### EXERCISE
Everything in the entries below must be reproduced exactly, except the images.

(SOURCE DATA begins)

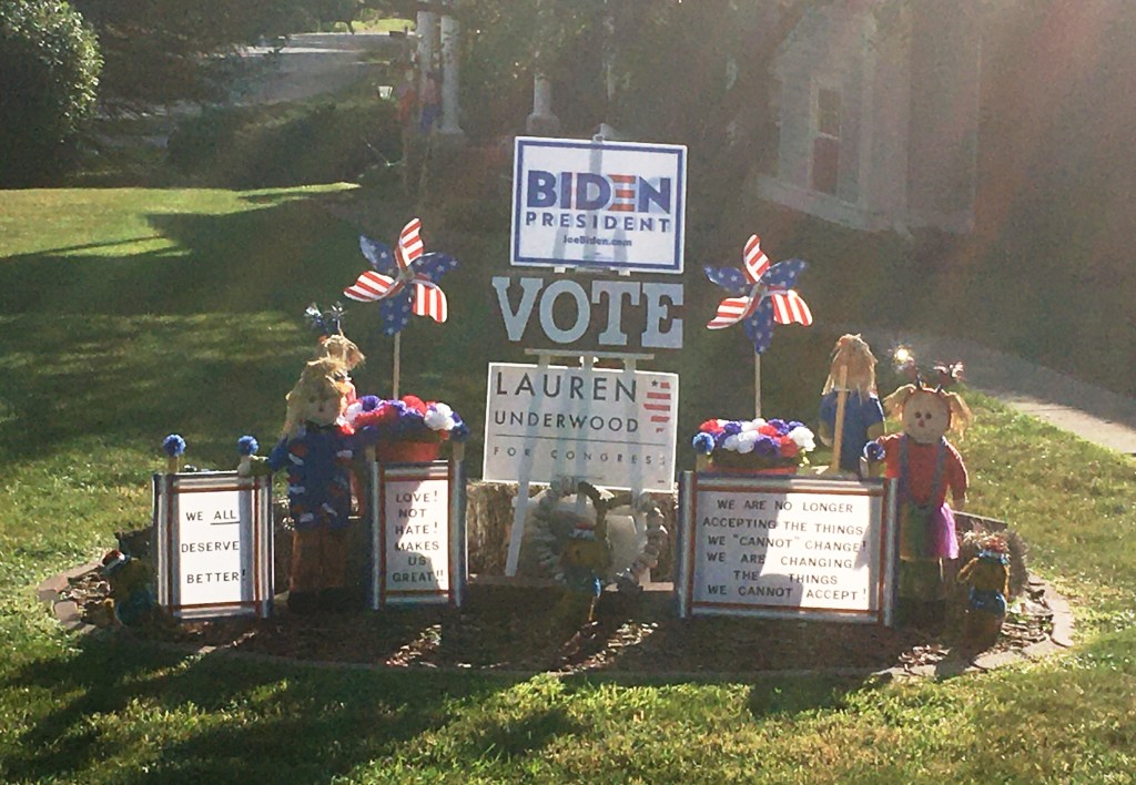 I couldn’t help but notice that I have unintentionally arranged the signs like a middle school dance – girls on one side and boys on the other. It’s certainly not a special shrine to Joe Biden like the one that I saw when I biked through our old neighborhood.
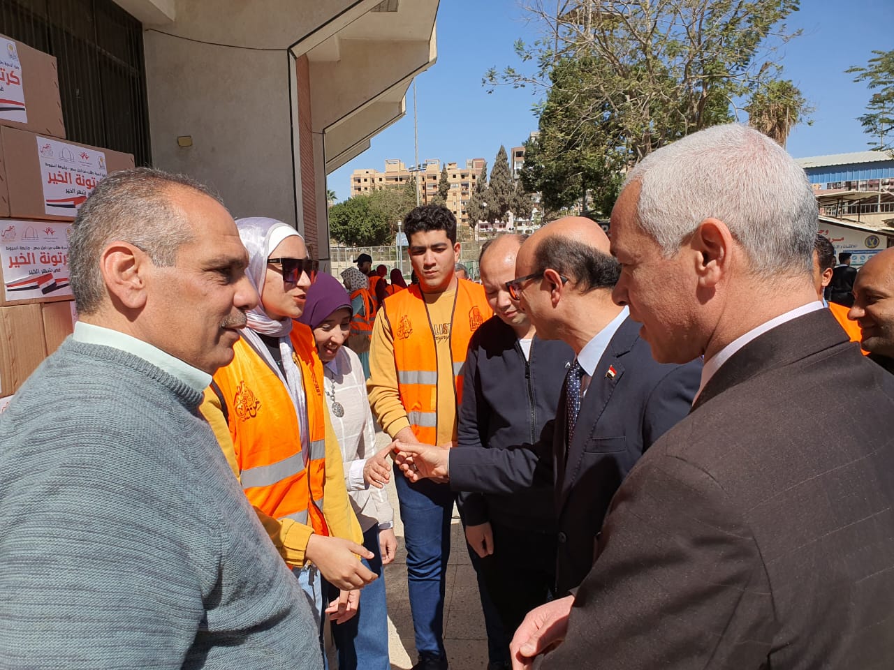رئيس جامعة أسيوط يشارك أسرة طلاب من أجل مصر تجهيزات مبادرة كرتونة الخير لتعبئة وتوزيع 1000 كرتونة غذائية
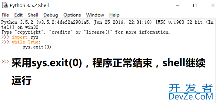 方法1:采用sys.exit(0),正常终止程序,从图中可以看到,程序终止后shell运行不受影响。
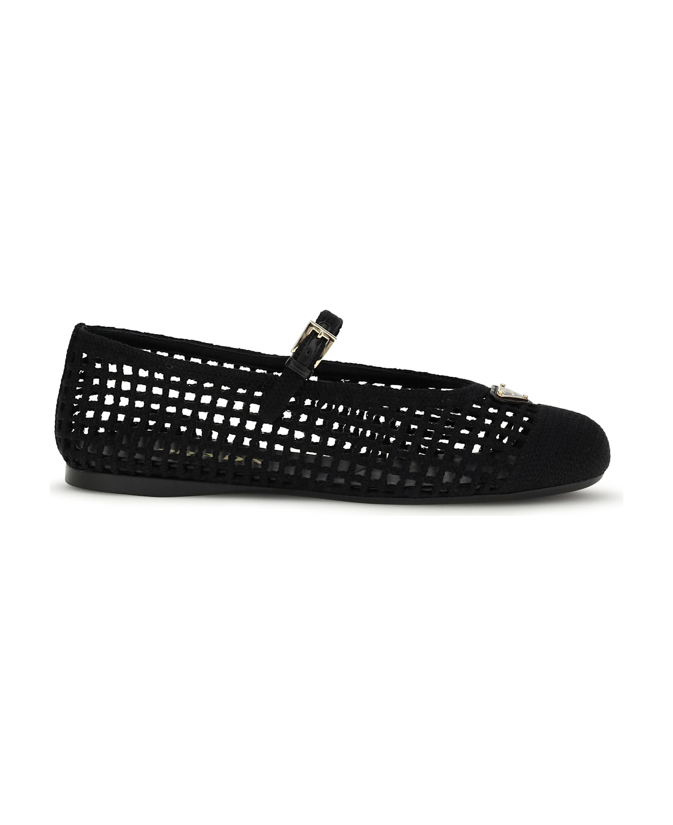 The crochet ballerinas by prada combine handcrafted elegance with distinctive details. the upper, embellished with logo-embossed metal buckle, is complemented by the enameled metal triangle logo, the brand's iconic symbol. the 0. 5-mm one-piece rubber sole with branded logo ensures comfort and a touch of refined style. Composition: 95% % Cotton, 5% % Polyester
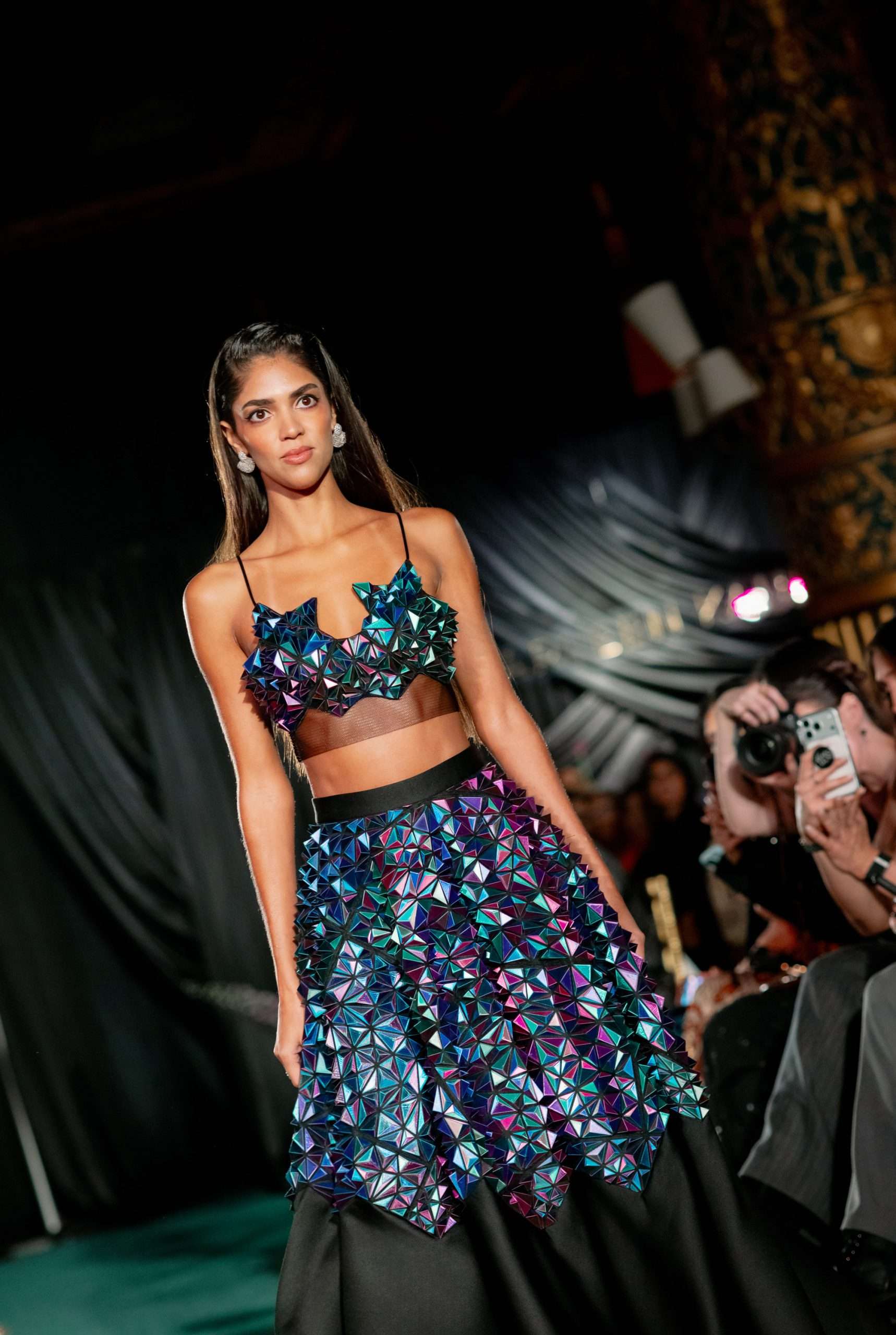 Harleen Kaur’s 2026 collection also embraced this vibrancy, blending cultural influence, sustainability, and artistry in equal measure. Kaur celebrated florals in all their stages – organic, sculptural, and futuristic. Her designs glowed with psychedelic wavy motifs, fluid metallics, and iridescent shimmer. But what really stood out was her material innovation: 3D-printed fabrics made from bio-based materials, beads recycled from glass bottles, sequins spun from recycled twill. Rooted in her Punjabi, Thai, and American heritage.

(SOURCE DATA ends)

### ANSWER TO THE PROBLEM
 I couldn’t help but notice that I have unintentionally arranged the signs like a middle school dance – girls on one side and boys on the other. It’s certainly not a special shrine to Joe Biden like the one that I saw when I biked through our old neighborhood.
رئيس جامعة أسيوط يشارك أسرة طلاب من أجل مصر تجهيزات مبادرة كرتونة الخير لتعبئة وتوزيع 1000 كرتونة غذائية
 方法1:采用sys.exit(0),正常终止程序,从图中可以看到,程序终止后shell运行不受影响。
 The crochet ballerinas by prada combine handcrafted elegance with distinctive details. the upper, embellished with logo-embossed metal buckle, is complemented by the enameled metal triangle logo, the brand's iconic symbol. the 0. 5-mm one-piece rubber sole with branded logo ensures comfort and a touch of refined style. Composition: 95% % Cotton, 5% % Polyester
 Harleen Kaur’s 2026 collection also embraced this vibrancy, blending cultural influence, sustainability, and artistry in equal measure. Kaur celebrated florals in all their stages – organic, sculptural, and futuristic. Her designs glowed with psychedelic wavy motifs, fluid metallics, and iridescent shimmer. But what really stood out was her material innovation: 3D-printed fabrics made from bio-based materials, beads recycled from glass bottles, sequins spun from recycled twill. Rooted in her Punjabi, Thai, and American heritage.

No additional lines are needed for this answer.